Los labios de Caitlyn temblaron cuando buscó en el rostro de su verdugo y no encontró la más mínima comprensión. Estaba dispuesto a hacer lo anunciado. La enviaría lejos. El aguijón de las lágrimas se hizo sentir en sus párpados, pero se contuvo. No lloraría. ¡Nunca!

—Pensé que... te preocupabas por mí. —Las palabras partían el corazón. La boca de Connor se puso rígida y le extendió una mano, sólo para volverla atrás. Parecía muy estricto, sus cejas tupidas casi se unían sobre su nariz. Sus extraños ojos claros se oscurecieron por el dolor de verla en ese estado. La imagen de la agonía en ese hermoso rostro delgado que se había vuelto tan familiar como el suyo propio y más querido de lo que hubiera podido imaginar, la hizo sollozar. Connor torció la boca cuando vio la fuerza con la que intentaba tragar las lágrimas.

—Todos te queremos como a una hermana pequeña. Nunca lo dudes.

—Entonces, por qué...

—El hecho es que no eres nuestra hermana. No eres pariente nuestro. Eres una hermosa joven y nosotros somos cuatro hombres sanos. Esa es una receta para el desastre, Caitlyn. Gracias a Dios soy lo suficientemente mayor como para verlo antes de que suceda.

Caitlyn respiró hondo y se sacudió.

—¿Los otros lo saben? —Tenía la esperanza de que ellos defendieran su causa. Lo que harían probablemente, pero en la práctica era muy poco lo que podrían cambiar. Connor era el señor de Donoughmore, el conde, el cabeza de familia.

—No. Pensé que era mejor decírtelo primero. No había lugar a dudas de que estaba dispuesto a hacer lo que acababa de decir. Sin esperanzas, Caitlyn lo miró suplicando en silencio la posibilidad de quedarse. Una sola lágrima rodó de cada ojo. Connor se levantó y se acercó a ella. Con la mano limpió la gota que humedecía la mejilla que él había abofeteado la noche anterior. Recogió la lágrima con la punta del dedo. Caitlyn sintió el roce de su mano contra la mejilla y lo miró con un ruego en los ojos. Pero él no la miraba. Sólo por un instante bajó la vista hacia la lágrima que había recogido, luego en un gesto repentino e involuntario su mano se convirtió en un puño como si ese fuera el signo visible del dolor que le infligía su partida.

—No tengo más que decir. Puedes retirarte.

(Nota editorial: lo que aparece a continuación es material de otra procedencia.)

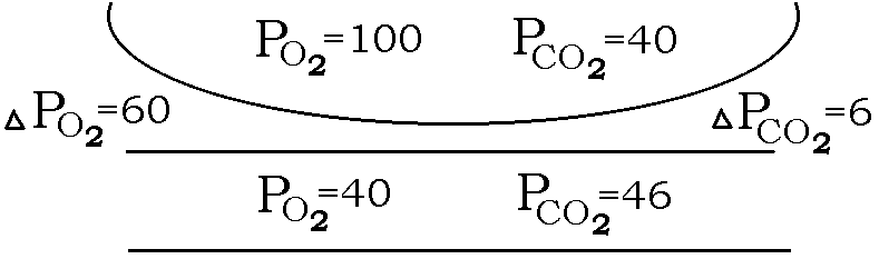 2. Дифузфя газів в легені – перехід О>2> із альвеолярного повітря в кров і СО>2> – в протилежному напрямку за градієнтом парціального тиску цих газів в альвеолярному повітрі та їх напруженням в крові.
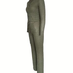 Casual Solid Set. The top is button front, v-neck, and drawstring wide-leg pants outfit. Ribbed texture.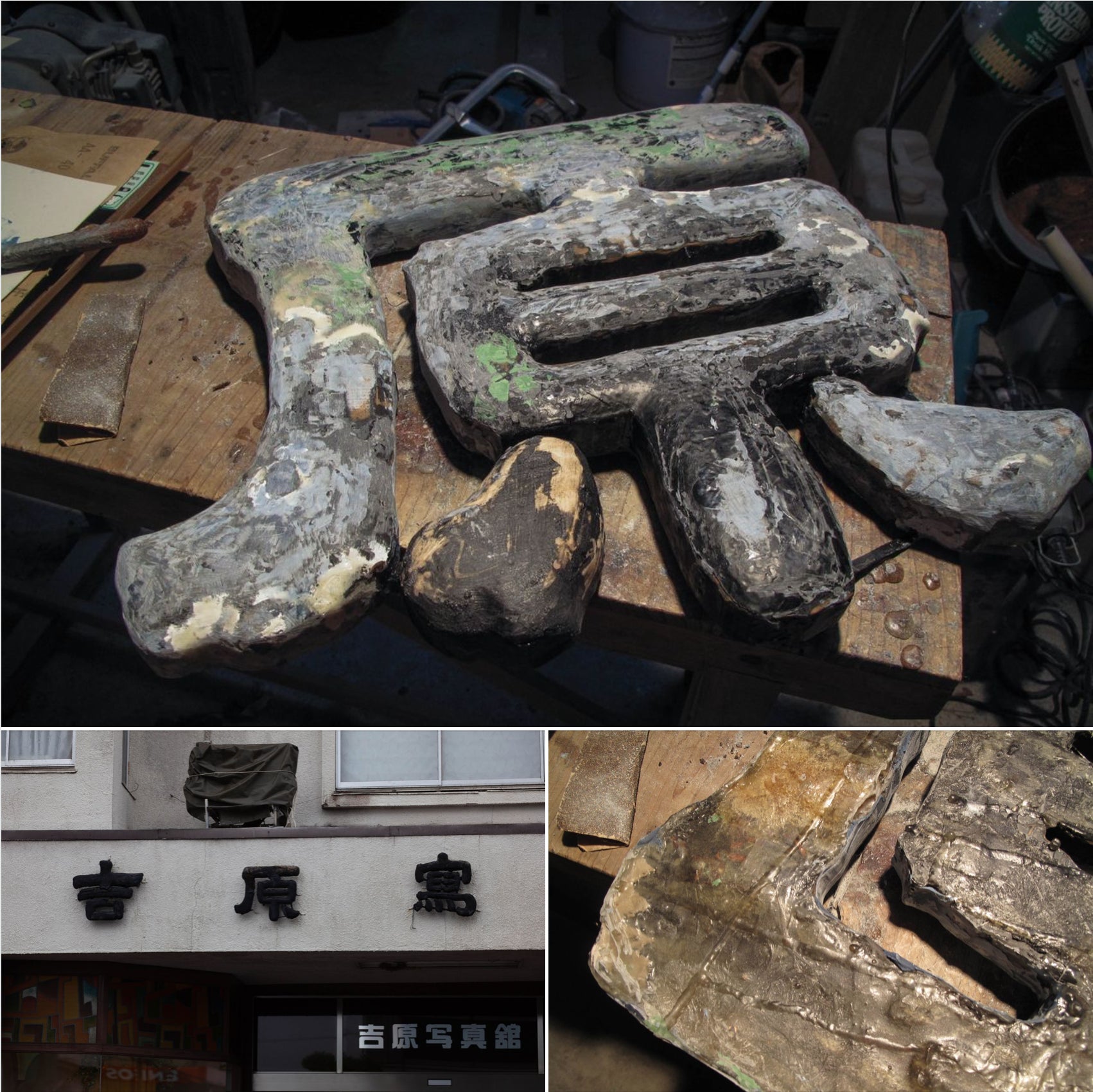2011年にも写真館の修復をしています。この時は、オリジナルの看板「吉原写真館」が、かなり傷んだいていので、陥没部には木をつめ、損失部分は復元、ガラスマットと樹脂でコーティングしました。11年経過した現在、とりあえず問題ないようです。
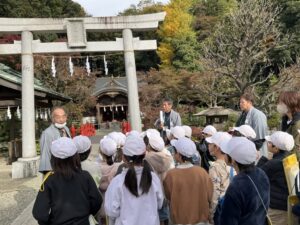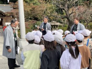 鳥居をくぐり、手水社で身を清めた後は、二礼二拍手一礼の挨拶の作法を学びました。

Caitlyn se puso de pie y caminó como si tuviera muchos años encima. Con una casi insoportable sensación de pérdida comprendió cómo había llegado a considerar que Donoughmore era su hogar. Amaba cada brizna de hierba, cada oveja, cada colina, árbol o arroyo. Amaba a los d'Arcy, a todos ellos. Incluso a este duro extraño que estaba apartándola de ellos. Este era su hogar y ellos, su familia. Su corazón saltó en el pecho inundado de dolor.

—Por favor, no hagas esto, Connor —le suplicó en un último intento por convencerlo.

—Ya está hecho y es lo mejor —respondió entre los labios rígidos. Luego, como si ya no pudiera soportar verla, salió de la habitación y dejó a Caitlyn hundida de nuevo en el sillón de cuero gastado, gimiendo como si su corazón se fuera a romper.